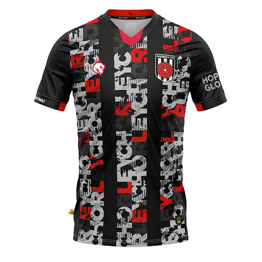 - 28:05 – Chorley FC 2022-23 pre-season GK kit by Hope + Glory, featuring all-caps CHORLEY in bold stripes.
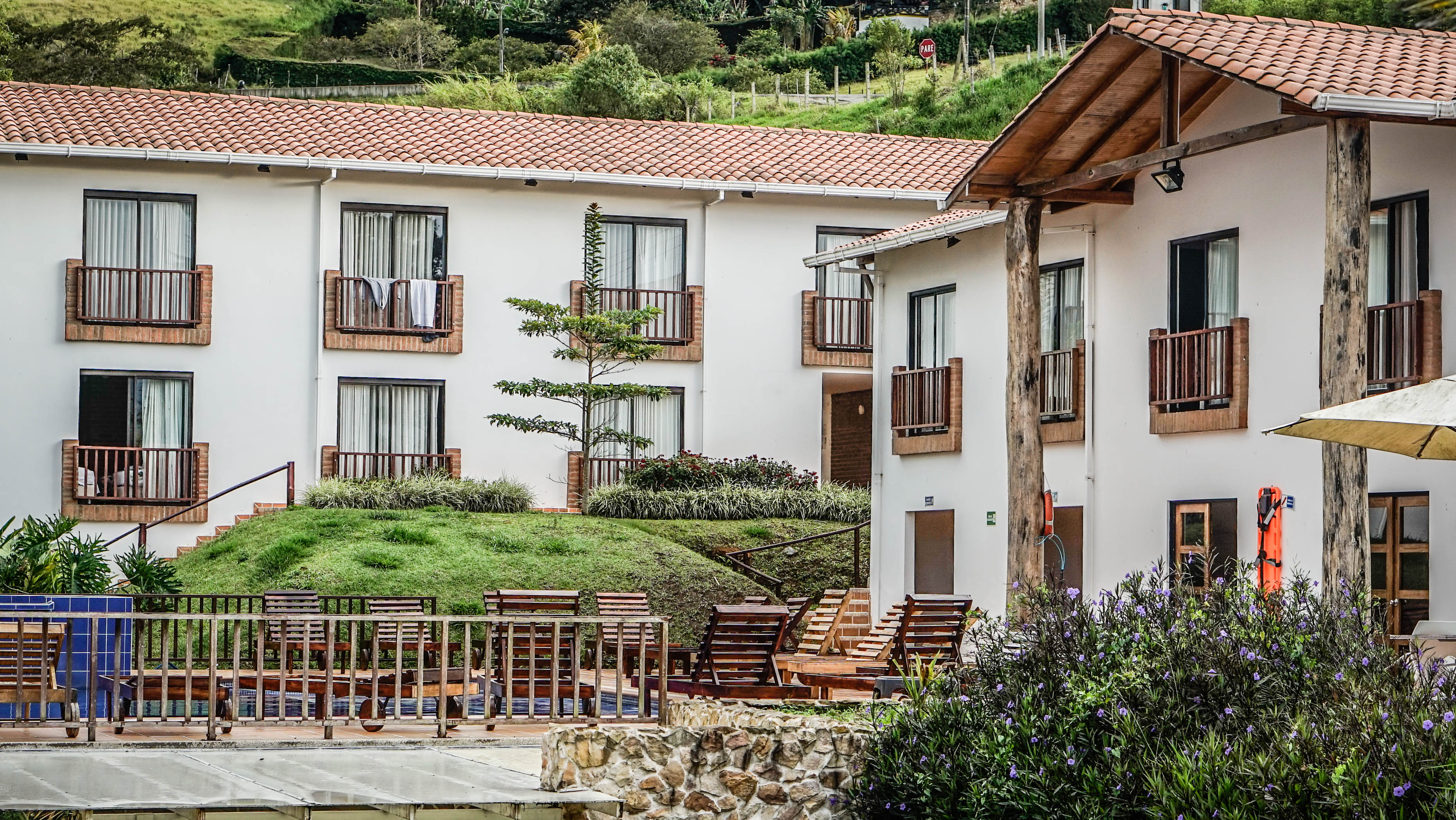 LA HUERTA HOTEL is a beautifully located countryside hotel in Valle de Cauca in Colombia. We had a pleasure to spend there two nights and had simply the best rest a traveler can think of. We enjoyed immensely the perfect view from the window and the restaurant and felt wonderful surrounded by green hills and fields.
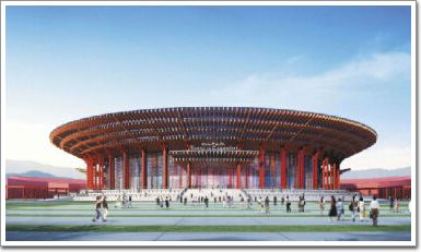 雁棲湖國際會展中心位于北京市懷柔區雁棲鎮,是規劃中雁棲湖會展區的核心建筑。主體建筑平面(詞條“平面”由行業大百科提供)為圓形,樓層平面直徑156.5m,屋蓋平面直徑183.0m,建筑面積約為7.9萬m2。地上2層,局部有夾層,檐口高度31.9m,主要功能為會議、展覽大廳等;地下3層,主要功能為新聞發布、辦公、宴會廳、車庫、設備用房等。建筑效果圖見圖1。
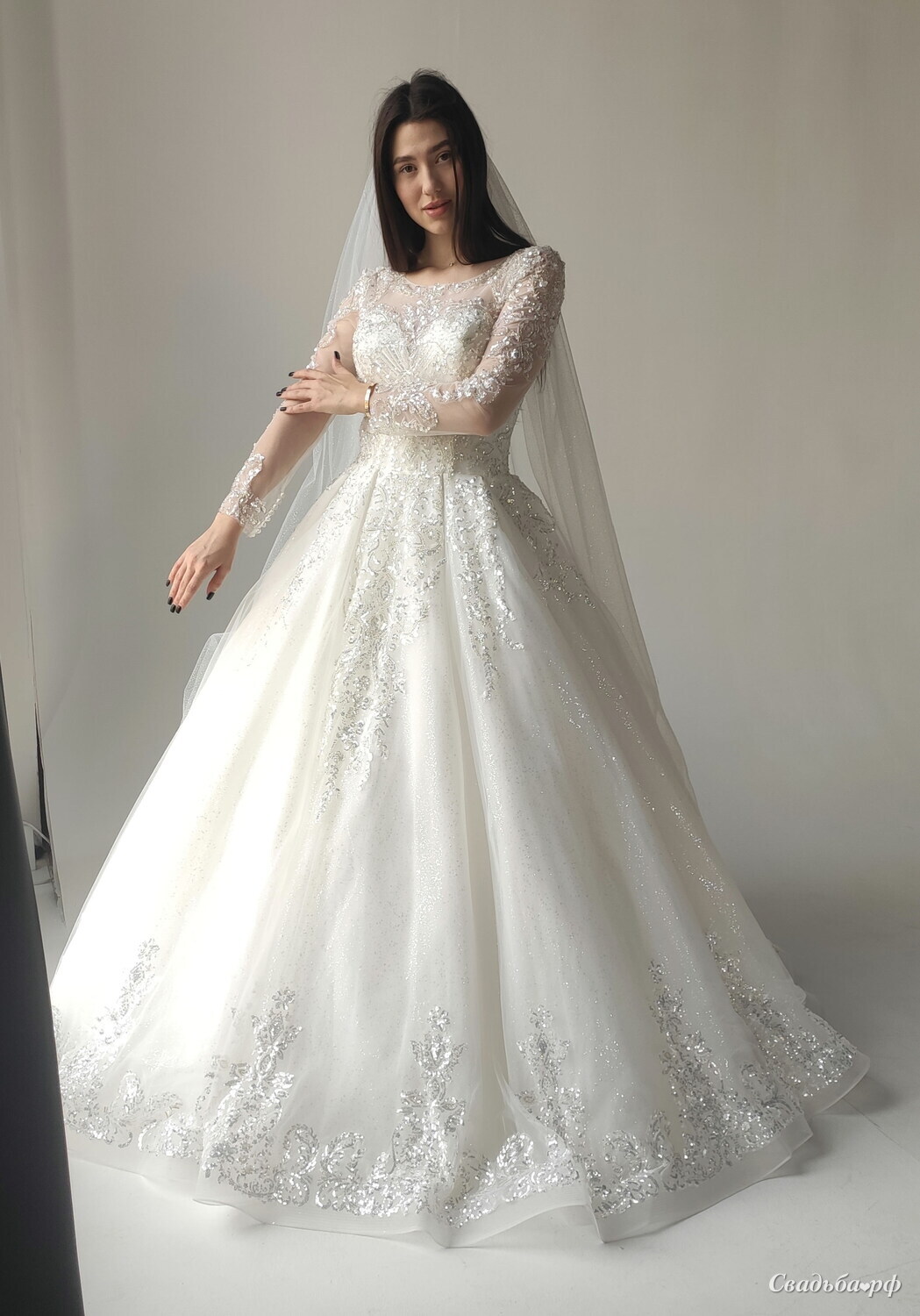 Закрытое свадебное платье с пышной юбкой и длинными кружевными рукавами
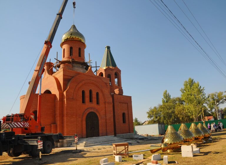 Ранним погожим утром в центре х. Потапов у строящегося храма святого благоверного князя Александра Невского было многолюдно. Православные собрались по поводу значимого события — установки куполов на храм.
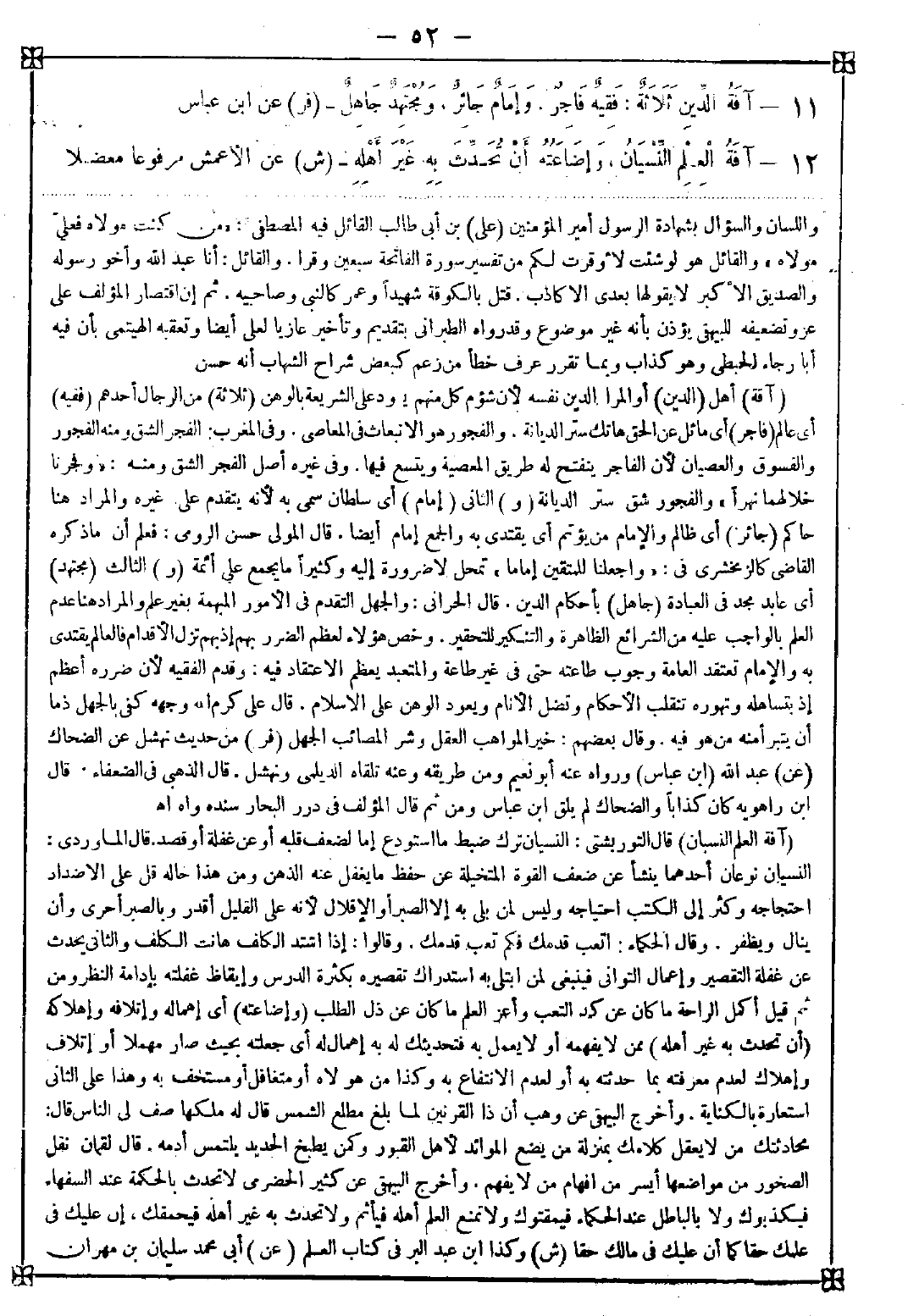 11 - (آفة) أهل (الدين) أو المرا الدين نفسه لأن شؤم كل منهم يعود على الشريعة بالوهن (ثلاثة) من الرجال أحدهم (فقيه) أي عالم (فاجر) أي مائل عن الحق هاتك ستر الديانة. والفجور هو الانبعاث في المعاصي. وفي المغرب: الفجر الشق ومنه الفجور والفسوق والعصيان لأن الفاجر ينفتح له طريق المعصية ويتسع فيها. وفي غيره أصل الفجر الشق ومنه: {وفجرنا خلالهما نهرا} والفجور شق ستر الديانة (و) الثاني (إمام) أي سلطان سمي به لأنه يتقدم على غيره والمراد هنا حاكم (جائر) أي ظالم والإمام من يؤتم أي يقتدى به والجمع إمام أيضا. قال المولى حسن الرومي: فعلم أن ما ذكره القاضي كالزمخشري في: {واجعلنا للمتقين إماما} تمحل لا ضرورة إليه وكثيرا ما يجتمع على أئمة (و) الثالث (مجتهد) أي عابد مجد في العبادة (جاهل) بأحكام الدين. قال الحراني: والجهل التقدم في الأمور المبهمة بغير علم والمراد هنا عدم العلم بالواجب عليه من الشرائع الظاهرة والتنكير للتحقير. وخص هؤلاء لعظم الضرر بهم إذ بهم تزل الأقدام فالعالم يقتدى به والإمام تعتقد العامة وجوب طاعته حتى في غير طاعة والمتعبد يعظم الاعتقاد فيه. وقدم الفقيه لأن ضرره أعظم إذ بتساهله وتهوره تنقلب الأحكام وتضل الأنام ويعود الوهن على الإسلام. قال علي كرم الله وجهه كفى بالجهل ذما أن يتبرأ منه من هو فيه. وقال بعضهم: خير المواهب العقل وشر المصائب الجهل

# Your assignment
Lines wanted from the entries above: the one with "雁棲湖國際會展中心位于北京市", the one with "Ранним погожим утром", and all lines between. Please copy them exactly, without the pictures and without anything else.

# Answer to this task
 雁棲湖國際會展中心位于北京市懷柔區雁棲鎮,是規劃中雁棲湖會展區的核心建筑。主體建筑平面(詞條“平面”由行業大百科提供)為圓形,樓層平面直徑156.5m,屋蓋平面直徑183.0m,建筑面積約為7.9萬m2。地上2層,局部有夾層,檐口高度31.9m,主要功能為會議、展覽大廳等;地下3層,主要功能為新聞發布、辦公、宴會廳、車庫、設備用房等。建筑效果圖見圖1。
 Закрытое свадебное платье с пышной юбкой и длинными кружевными рукавами
 Ранним погожим утром в центре х. Потапов у строящегося храма святого благоверного князя Александра Невского было многолюдно. Православные собрались по поводу значимого события — установки куполов на храм.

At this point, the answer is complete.